The style is agreeably redolent of Hammer Films (nicely book-ended by recreations of period illustrations dealing with the case), though like the brand-new John Landis rendition, the tone is bawdily comic rather than the sleazy seriousness adopted by two more British treatments of these events (unfolding in 1820s Edimburgh) by notable directors – John Gilling's THE FLESH AND THE FIENDS (1959) and Freddie Francis' THE DOCTOR AND THE DEVILS (1985), both of which I had reviewed soon after their first viewing. For the record, the screenplay is the handiwork of Ernle Bradford; his major claim to fame was penning the bestselling chronicle of The Great Siege of Malta of 1565 and, not only is a street in my hometown named after him, but he was to die on our shores in 1986!

The brothel scenes (ostensibly demonstrating Knox's students' leisure time, as well as provide convenient victims for the titular duo, but all-too-obviously mandated by the new-fangled permissiveness) feel rather like padding – incidentally, former Hammer starlet Yutte Stensgaard appears briefly as one such prostitute (which she unconvincingly plays drunk much of the time!). One unexpected asset, however, is a rollicking folk-tune sung by The Scaffold during the film's opening and closing titles.
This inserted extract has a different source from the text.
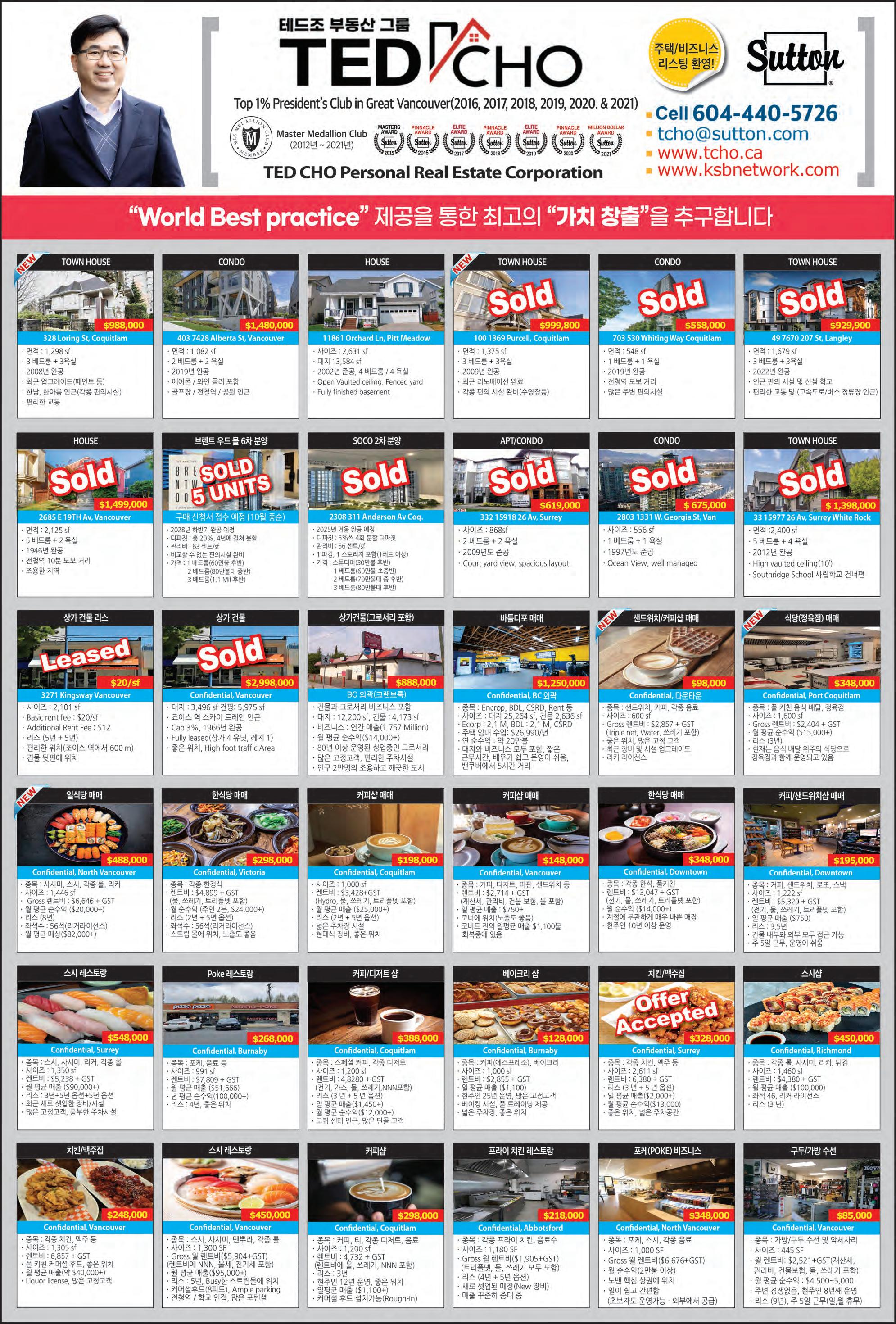 2022년 12월 3일 토요일 C10 조선일보 건축공학 및 건설관리전공 리얼터. 전문성에서 앞서갑니다! #140 4664 Lougheed Hwy Burnaby BC V5C 5T5 TEL: 604-299-9680 Sutton Group 1st West Realty 604.781.3467 rick.royal1st@gmail.com 우종훈 부동산 2015 - 2021 7년 연속 광역밴쿠버 TOP 5% REALTOR 비즈니스 매매 2015 2016 2017 2021 2018 2019 2020 사우스 써리 $2,200,000 대지 면적 6,104 sq.ft 실내면적 4,774 sq.ft 방 6개 화장실 7개 조용한 주택가 남향집 주변 좋은 학군과 공원 브랜트우드 지역 신규 분양중! 어메이징 브랜트우드 5 이 는 Solo 4 이 Concord 오아시스 는 니 가 ★ 로히드 버퀴틀람 지역 ★ ★ 랭리 윌로비 지역 ★ Hayer Town Centre Aston Townhome Master Medallion Member 코퀴틀람 센트럴 $899,900 실내면적 966 sq.ft 방 3대 화장실 2개 골프장 뷰 JUSTSOLD 랭리 윌로비하이츠 $629,000 실내면적 920 sq.ft 방 2개 화장실 2개 5월 입주 예정 전매 물건 파크엔라이드 5분거리 JUSTSOLD 코퀴틀람 센트럴 $789,900 실내면적 863 sq.ft 방 2대 화장실 2개 퓨쳐 공원뷰, 남향 JUSTSOLD 뉴 웨스트민스터 Sold Over Asking $200,000 $899,900 실내면적 1,410 sq.ft 방 3개 화장실 3개 + 덴 모던 디자인, 오픈 컨셉 5분 거리 쇼핑몰 포트 무디 $728,000 실내면적 1,012 sq.ft 방 2개 화장실 2개 + 덴 포트무디 서터브룩 빌리지 각종 편의시설 도보거리 코퀴틀람 센트럴 $3,199,000 대지 면적 6,487 sq.ft 실내 면적 5,575 sq.ft 방 7개 화장실 8개 조용한 주택가 남향집 지하 렌트스윗 뉴웨스트민스터 빅토리아 힐 $539,900 실내면적 663 sq.ft 1 베드 + 1 베스 마스터플랜 커뮤니티 Onni 개발사 랭리 윌로비하이츠 $1,169,000 실내면적 1,766 sq.ft 방 3개 화장실 3개 코너 유닛, 밝은 채광 주변의 편의 시설 및 학교 랭리 월넛그로브 $1,780,000 대지 면적 3,767 sq.ft 실내면적 3,425 sq.ft 방 5개 화장실 4개 조용한 주택가 골프장 뷰 지하 렌트스윗 JUSTSOLD 랭리 월넛그로브 $1,099,000 실내면적 2,229 sq.ft 방 3개 화장실 3개 조용한 주택가 5분거리에 학교, 쇼핑, 공원 JUSTSOLD 랭리 윌로비하이츠 $889,900 실내면적 1,414 sqft 방 3개 화장실 3개 유명건설사 폴리곤 단지내 헬스장, 수영장 각종 편의시설 JUSTSOLD 랭리 윌로비하이츠 라티마 빌리지 $519,900 실내면적 669 sq.ft 1 베드 1베스 JUSTSOLD 써리 센트럴 $489,900 실내면적 517 sq.ft 방 1개 화장실 1개 전철역 및 SFU, 시청 5분 거리 JUSTSOLD JUSTSOLD JUSTSOLD JUSTSOLD 랭리 윌로비하이츠 $779,900 실내면적 1,381 sq.ft 방 3개 화장실 2개 욕슨콘도 전매 7월 입주 예정 JUSTSOLD 랭리 월넛그로브 스시 레스토랑 써리 길포드 빙수가게 $248,900 플라자안에 위치 트래픽이 많음. 매상 꾸준히 증가 OfferAccepted 코퀴틀람 버크마운틴 $2,500,000 대지 면적 5,230 sq.ft 실내 면적 3,314 sq.ft 방 4개 화장실 4개 JUSTSOLD 7년 연속 광역 밴쿠버 TOP 5% REALTOR Master Medallion Member / 604.781.3467 / rick.royal1st@gmail.com

I do not know if the copy I acquired is culled from the film's DVD edition (through Redemption) but it came accompanied by an interesting 12-minute 'lecture' featuring an unusual-looking (displaying tattoos and piercings galore!) female Professor who, amongst other things, parallels the real-life Dr. Knox's dabbling in body parts so that others may live with the literary figure of Baron Frankenstein attempting to re-animate composites of dead tissue (especially since both came by them illegally).